PROVIDED DATA:
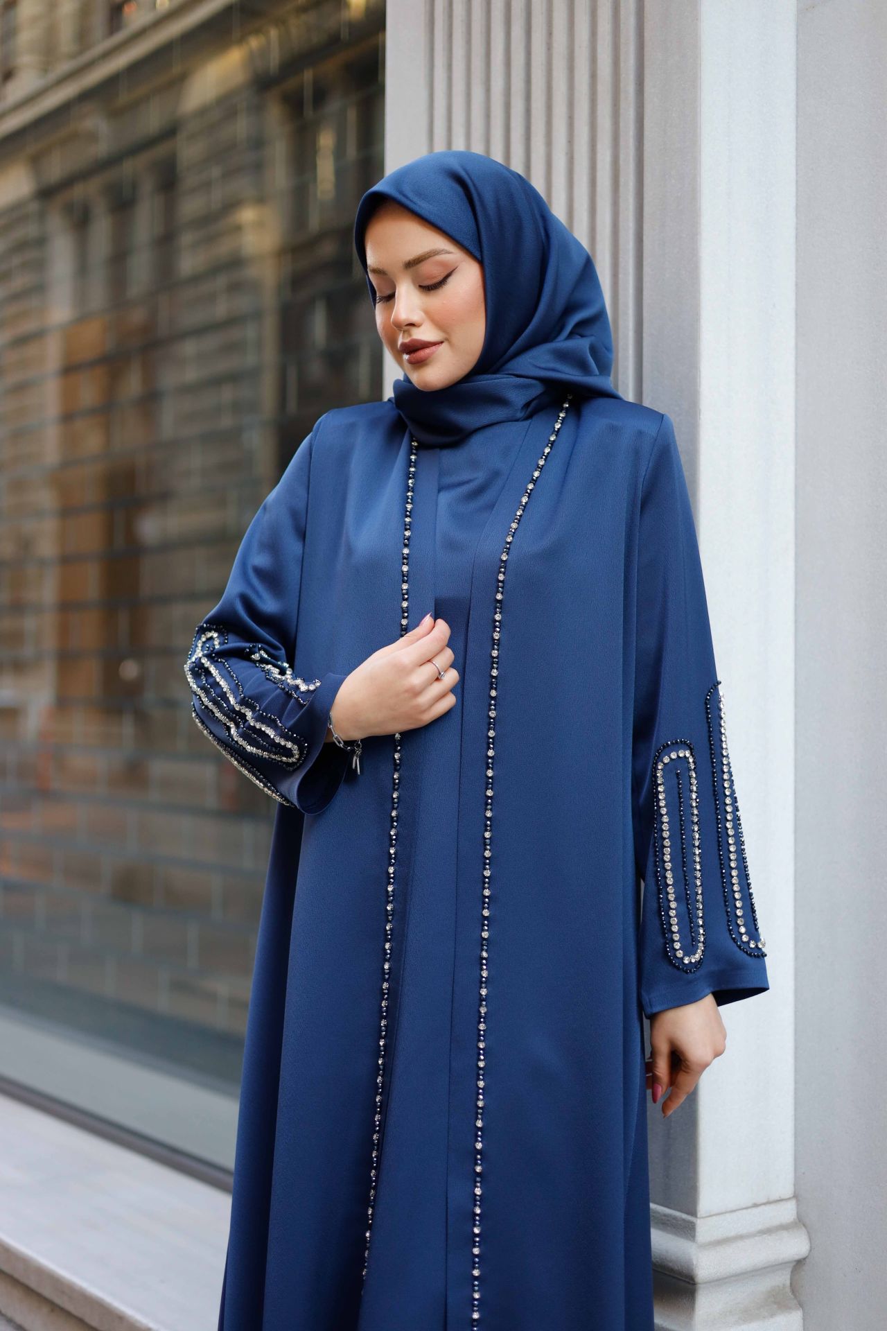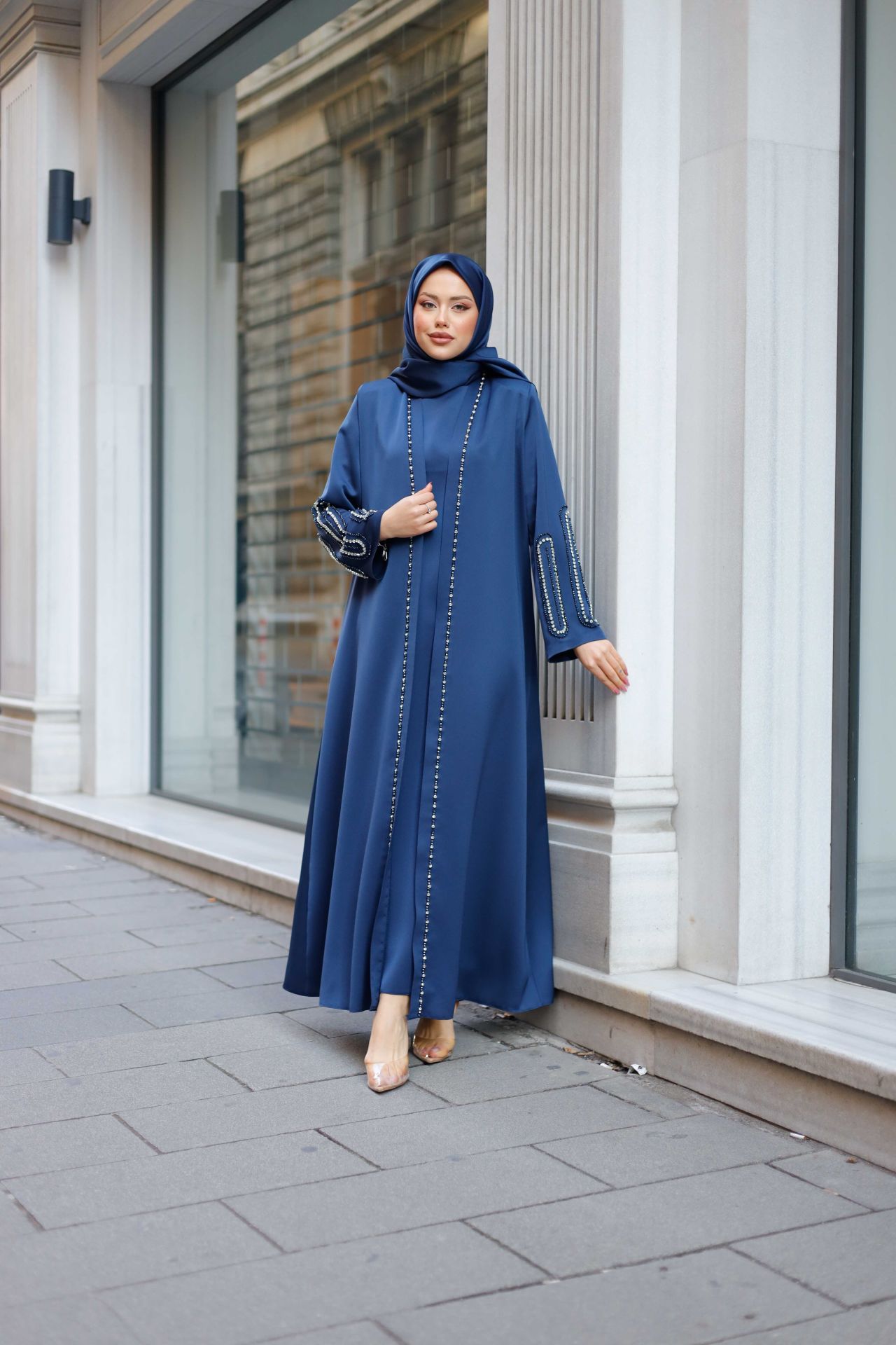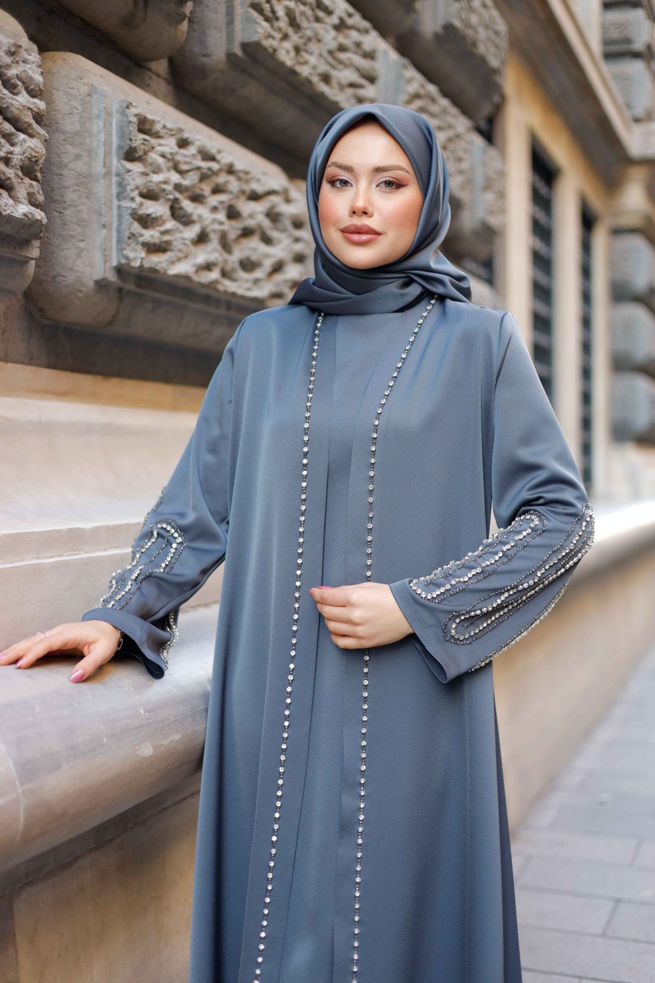 İnci Abaya - Abraham Kumaş (38-60 Beden) - Siyah, Gri, Mavi
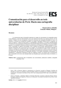 "La comunicación para el desarrollo representa un campo de conocimiento de considerable interés en las dinámicas y procesos del desarrollo, por lo que amerita reconocerla en el contexto peruano. En este sentido, el objetivo de esta investigación, consiste en estructurar una cartografía discipli
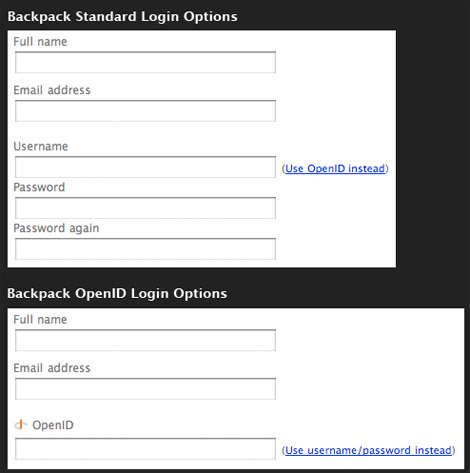 We’ve got two options when logging into Backpack. We can use the traditional username and password pair that most apps use – or we can use the modern OpenID authentication.

EXERCISE DETAILS: Please repeat each line above exactly as it appears, but omit the pictures.

ANSWER TO THIS EXERCISE:
 İnci Abaya - Abraham Kumaş (38-60 Beden) - Siyah, Gri, Mavi
 "La comunicación para el desarrollo representa un campo de conocimiento de considerable interés en las dinámicas y procesos del desarrollo, por lo que amerita reconocerla en el contexto peruano. En este sentido, el objetivo de esta investigación, consiste en estructurar una cartografía discipli
 We’ve got two options when logging into Backpack. We can use the traditional username and password pair that most apps use – or we can use the modern OpenID authentication.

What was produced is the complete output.